• DATASET RECORDS:
•••
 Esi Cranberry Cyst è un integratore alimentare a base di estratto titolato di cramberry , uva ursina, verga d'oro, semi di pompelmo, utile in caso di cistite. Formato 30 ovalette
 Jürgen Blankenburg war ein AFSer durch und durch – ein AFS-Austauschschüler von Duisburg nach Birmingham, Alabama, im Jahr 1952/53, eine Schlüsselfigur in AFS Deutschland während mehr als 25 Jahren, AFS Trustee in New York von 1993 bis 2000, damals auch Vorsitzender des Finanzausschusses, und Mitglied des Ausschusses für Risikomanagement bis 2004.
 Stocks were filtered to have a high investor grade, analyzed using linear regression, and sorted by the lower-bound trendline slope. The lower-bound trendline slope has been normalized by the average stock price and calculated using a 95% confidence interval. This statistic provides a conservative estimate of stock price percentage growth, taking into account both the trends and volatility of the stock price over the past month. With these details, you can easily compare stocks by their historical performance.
•••
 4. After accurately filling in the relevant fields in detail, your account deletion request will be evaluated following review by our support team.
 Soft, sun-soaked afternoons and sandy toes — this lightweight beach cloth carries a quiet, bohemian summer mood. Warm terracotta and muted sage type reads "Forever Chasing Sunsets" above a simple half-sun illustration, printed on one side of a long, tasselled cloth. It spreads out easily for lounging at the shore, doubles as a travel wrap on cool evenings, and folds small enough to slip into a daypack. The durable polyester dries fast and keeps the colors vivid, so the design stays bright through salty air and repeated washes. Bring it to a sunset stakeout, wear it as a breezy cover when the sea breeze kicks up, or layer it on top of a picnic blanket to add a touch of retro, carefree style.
•••
• REQUIRED WORK: Of the entries above, repeat exactly the lines from the line with "4. After accurately" through the line with "Soft, sun-soaked afternoons", both of them included.

• RESULT OF THE EXERCISE:
 4. After accurately filling in the relevant fields in detail, your account deletion request will be evaluated following review by our support team.
 Soft, sun-soaked afternoons and sandy toes — this lightweight beach cloth carries a quiet, bohemian summer mood. Warm terracotta and muted sage type reads "Forever Chasing Sunsets" above a simple half-sun illustration, printed on one side of a long, tasselled cloth. It spreads out easily for lounging at the shore, doubles as a travel wrap on cool evenings, and folds small enough to slip into a daypack. The durable polyester dries fast and keeps the colors vivid, so the design stays bright through salty air and repeated washes. Bring it to a sunset stakeout, wear it as a breezy cover when the sea breeze kicks up, or layer it on top of a picnic blanket to add a touch of retro, carefree style.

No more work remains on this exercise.